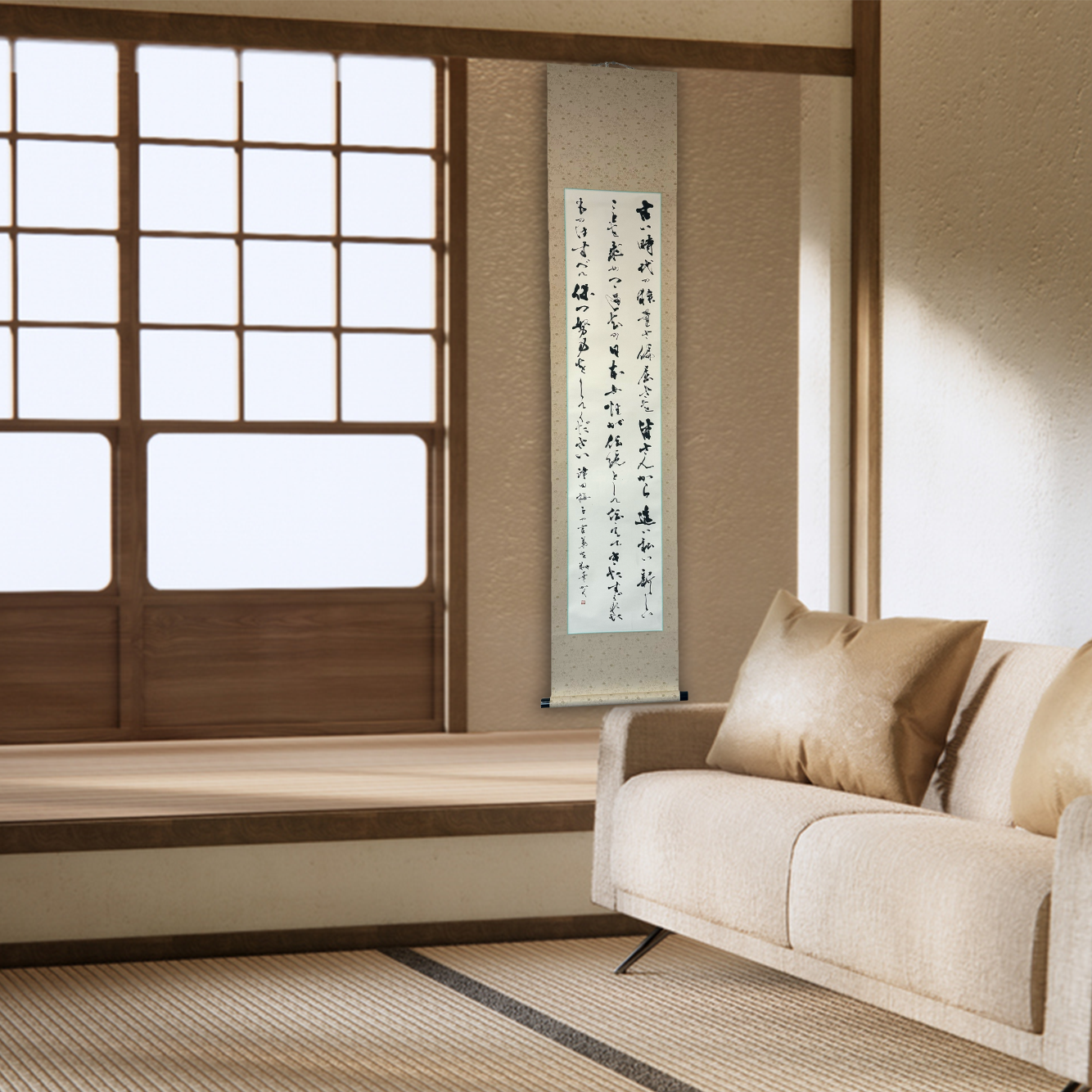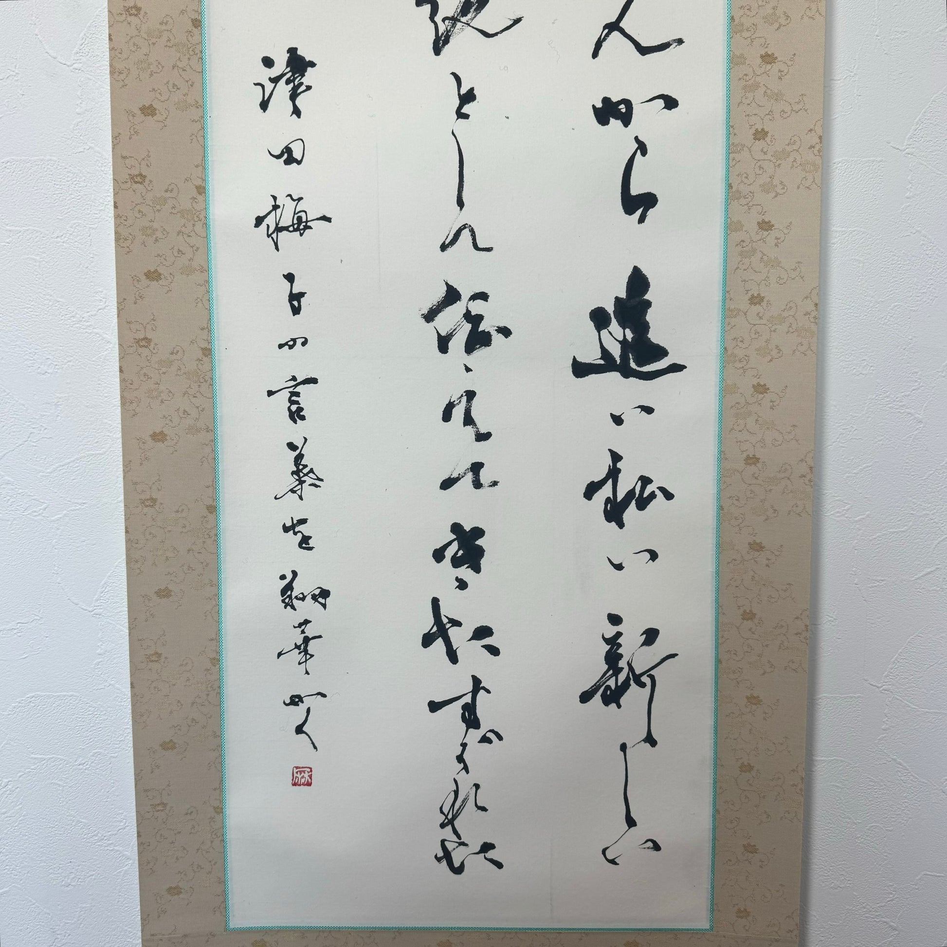 【SIZE】H1945mm×W390mm×D30mm(作品部分 H1366mm×W390mm) 【WEIGHT】424g 【作品材料】墨、画仙紙 【作品ストーリー】 「古い時代の狭量さや偏屈さを皆さんから追い払い新しいことを求めつつ過去の日本女性が伝統として伝えてきたすぐれたものはすべて保つ努力をしてください」 2024年上半期を目処に、お札が二十年ぶりに新しくなります。五千円札の肖像になる津田梅子氏は「女子英学塾」を創設し、「女性教育の先駆者」と呼ばれてきました。強い女性の象徴であり尊敬の念を抱きます。 【作品のポイント】 「過去の日本女性が伝統として伝えてきたすぐれたもの」この言葉にグッと惹かれるものがありました。伝統を重んじながら強い女性であり続けた津田氏の言葉には心動かされます。 |
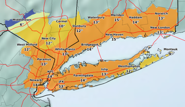 New York City, northeast New Jersey, the Lower Hudson Valley, and southwestern Connecticut could see as much as 12 to 15 inches.
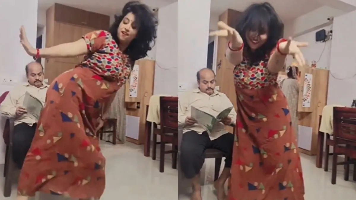 वायरल वीडियो में आप देख सकते हैं कि महिला का पति पीछे कुर्सी पर बैठा हुआ है। पति के हाथों में एक पेपर है जिसे वह पढ़ रहा है। इधर, महिला कैमरे के सामने रील बनाने के लिए डांस कर रही है। महिला स्त्री 2 के फेमस सॉन्ग 'आज की रात...' पर डांस करती हुई नजर आ रही है। डांस करते हुए महिला तमन्ना भाटिया के स्टेप्स को कॉपी करने की कोशिश कर रही है। इस दौरान वह अपनी कमर हिलाते हुए बेतरतीब ढंग से डांस कर रही है। हालांकि महिला पूरी कशिश कर रही है कि वह तमन्ना भाटिया की तरह ही डांस करे लेकिन वह ऐसा कर नहीं पाती है।
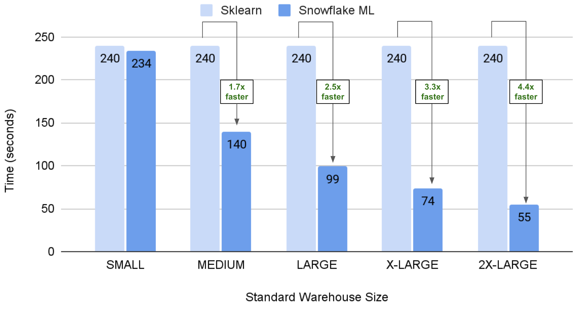 Initially, we integrated directly with scikit-learn’s GridSearchCV and RandomizedSearchCV tuning implementations, and off-loaded the computation to the Snowflake engine. Underneath the hood, we use a single node (stored procedure) to execute the tuning job. We used a stored procedure because the training process requires access to the full data set and can be repurposed for every function. However, while stored procedures are easier to implement, they are inherently single-node, regardless of the chosen warehouse size. This limitation means that even if a warehouse has eight nodes, not all will be used for this API request.
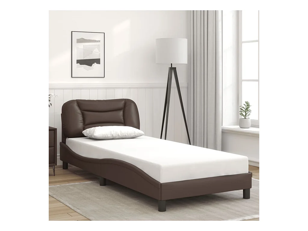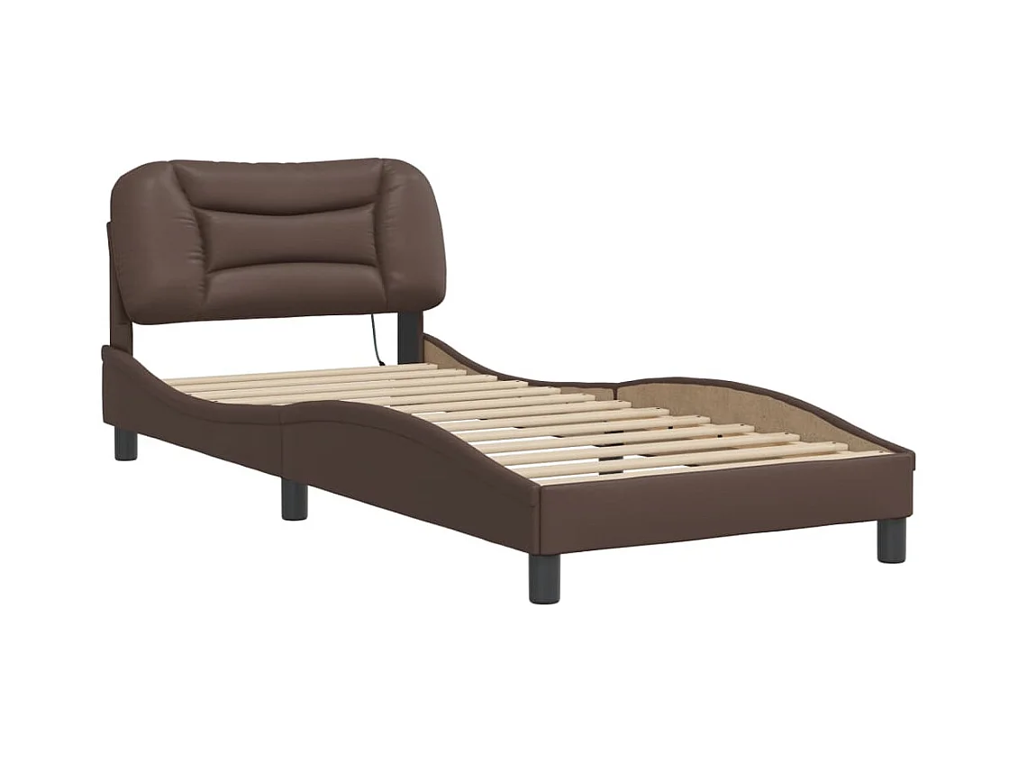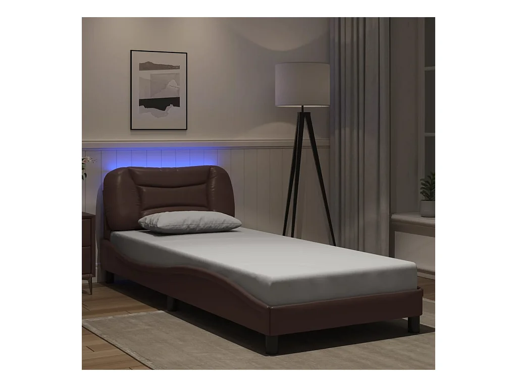 Cama 80x200 cm - con luces LED cuero sintético marrón ES941862
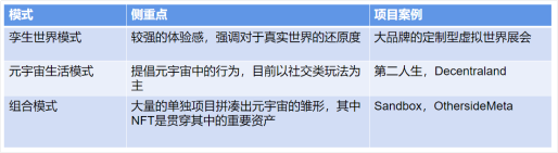 目前元宇宙从用户体验出发,模式主要分为3种:
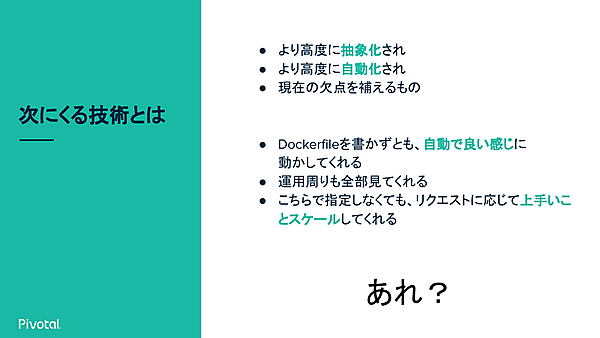 これはつまり、昔からあるPaaSだ。Pivotalが開発する「Cloud Foundry」もPaaSプラットフォームである。現在のPaaSは内部ではデプロイされたコードがコンテナとして動くことが多い。開発者はコンテナについて意識する必要はないが、コンテナ活用方法の1つと言える。「中身はそのときどきで変わる。コンテナであろうとなかろうと、PaaSが提供したい価値は変わらない。もしコンテナが廃れてもPaaSの考え方は廃れない」(草間氏)。
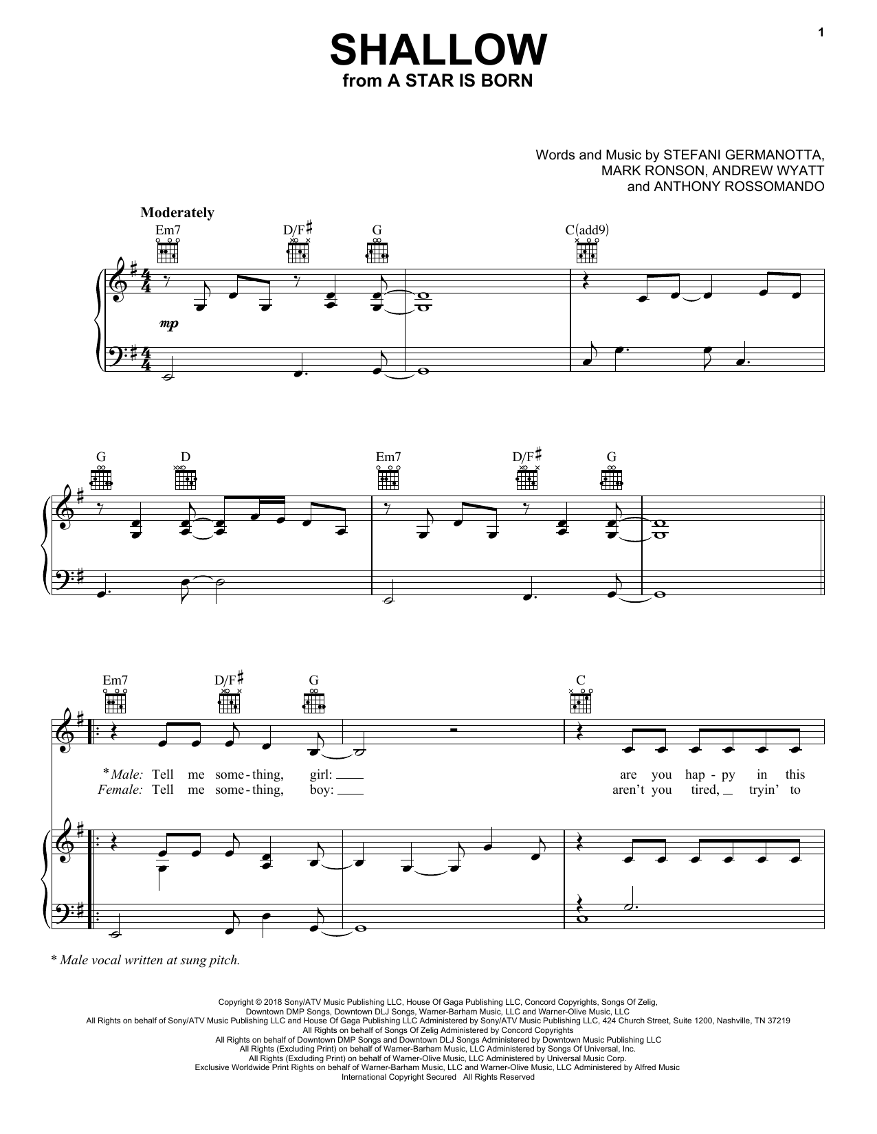 Quick facts Shallow (from A Star Is Born) about digital sheet music
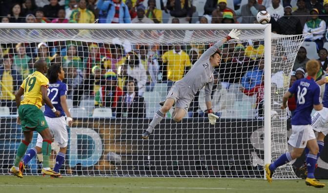 epa02201903 Japan's goalkeeper Eiji Kawashima (C) stretches for a save during the FIFA World Cup 2010 group E preliminary round match between Japan and Cameroon at the Free State stadium in Bloemfontein, South Africa, 14 June 2010. EPA/YURI KOCHETKOV Please refer to www.epa.eu/downloads/FIFA-WorldCup2010-Terms-and-Conditions.pdf
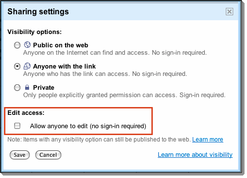 For docs with the sharing settings ‘Anyone with the link’ or ‘Public on the web,’ the Visibility options pane lets you control whether people viewing the doc will also be able to edit it. Check the box next to “Allow anyone to edit (no sign-in required)” if you’d like anyone who opens your doc to be able to edit it.
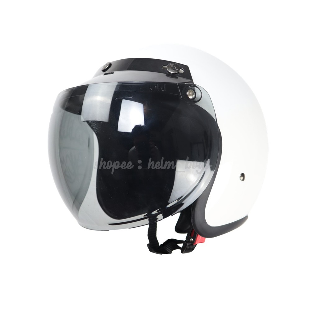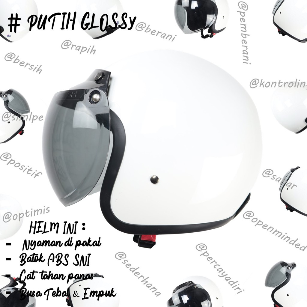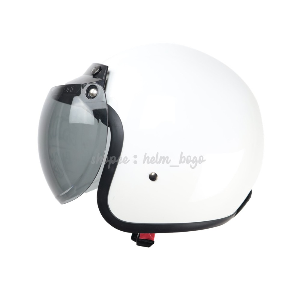Helm Bogo Retro Bayklasik Putih Glosy Polos Kaca Bogo Original Cembung Hitam Smoke standart SNI

==*==

* _TASK TO CARRY OUT_
Return the complete material exactly as given, excluding images.

* _WRITTEN SOLUTION_
 【SIZE】H1945mm×W390mm×D30mm(作品部分 H1366mm×W390mm) 【WEIGHT】424g 【作品材料】墨、画仙紙 【作品ストーリー】 「古い時代の狭量さや偏屈さを皆さんから追い払い新しいことを求めつつ過去の日本女性が伝統として伝えてきたすぐれたものはすべて保つ努力をしてください」 2024年上半期を目処に、お札が二十年ぶりに新しくなります。五千円札の肖像になる津田梅子氏は「女子英学塾」を創設し、「女性教育の先駆者」と呼ばれてきました。強い女性の象徴であり尊敬の念を抱きます。 【作品のポイント】 「過去の日本女性が伝統として伝えてきたすぐれたもの」この言葉にグッと惹かれるものがありました。伝統を重んじながら強い女性であり続けた津田氏の言葉には心動かされます。 |
 New York City, northeast New Jersey, the Lower Hudson Valley, and southwestern Connecticut could see as much as 12 to 15 inches.
 वायरल वीडियो में आप देख सकते हैं कि महिला का पति पीछे कुर्सी पर बैठा हुआ है। पति के हाथों में एक पेपर है जिसे वह पढ़ रहा है। इधर, महिला कैमरे के सामने रील बनाने के लिए डांस कर रही है। महिला स्त्री 2 के फेमस सॉन्ग 'आज की रात...' पर डांस करती हुई नजर आ रही है। डांस करते हुए महिला तमन्ना भाटिया के स्टेप्स को कॉपी करने की कोशिश कर रही है। इस दौरान वह अपनी कमर हिलाते हुए बेतरतीब ढंग से डांस कर रही है। हालांकि महिला पूरी कशिश कर रही है कि वह तमन्ना भाटिया की तरह ही डांस करे लेकिन वह ऐसा कर नहीं पाती है।
 Initially, we integrated directly with scikit-learn’s GridSearchCV and RandomizedSearchCV tuning implementations, and off-loaded the computation to the Snowflake engine. Underneath the hood, we use a single node (stored procedure) to execute the tuning job. We used a stored procedure because the training process requires access to the full data set and can be repurposed for every function. However, while stored procedures are easier to implement, they are inherently single-node, regardless of the chosen warehouse size. This limitation means that even if a warehouse has eight nodes, not all will be used for this API request.
 Cama 80x200 cm - con luces LED cuero sintético marrón ES941862
 目前元宇宙从用户体验出发,模式主要分为3种:
 これはつまり、昔からあるPaaSだ。Pivotalが開発する「Cloud Foundry」もPaaSプラットフォームである。現在のPaaSは内部ではデプロイされたコードがコンテナとして動くことが多い。開発者はコンテナについて意識する必要はないが、コンテナ活用方法の1つと言える。「中身はそのときどきで変わる。コンテナであろうとなかろうと、PaaSが提供したい価値は変わらない。もしコンテナが廃れてもPaaSの考え方は廃れない」(草間氏)。
 Quick facts Shallow (from A Star Is Born) about digital sheet music
 epa02201903 Japan's goalkeeper Eiji Kawashima (C) stretches for a save during the FIFA World Cup 2010 group E preliminary round match between Japan and Cameroon at the Free State stadium in Bloemfontein, South Africa, 14 June 2010. EPA/YURI KOCHETKOV Please refer to www.epa.eu/downloads/FIFA-WorldCup2010-Terms-and-Conditions.pdf
 For docs with the sharing settings ‘Anyone with the link’ or ‘Public on the web,’ the Visibility options pane lets you control whether people viewing the doc will also be able to edit it. Check the box next to “Allow anyone to edit (no sign-in required)” if you’d like anyone who opens your doc to be able to edit it.
Helm Bogo Retro Bayklasik Putih Glosy Polos Kaca Bogo Original Cembung Hitam Smoke standart SNI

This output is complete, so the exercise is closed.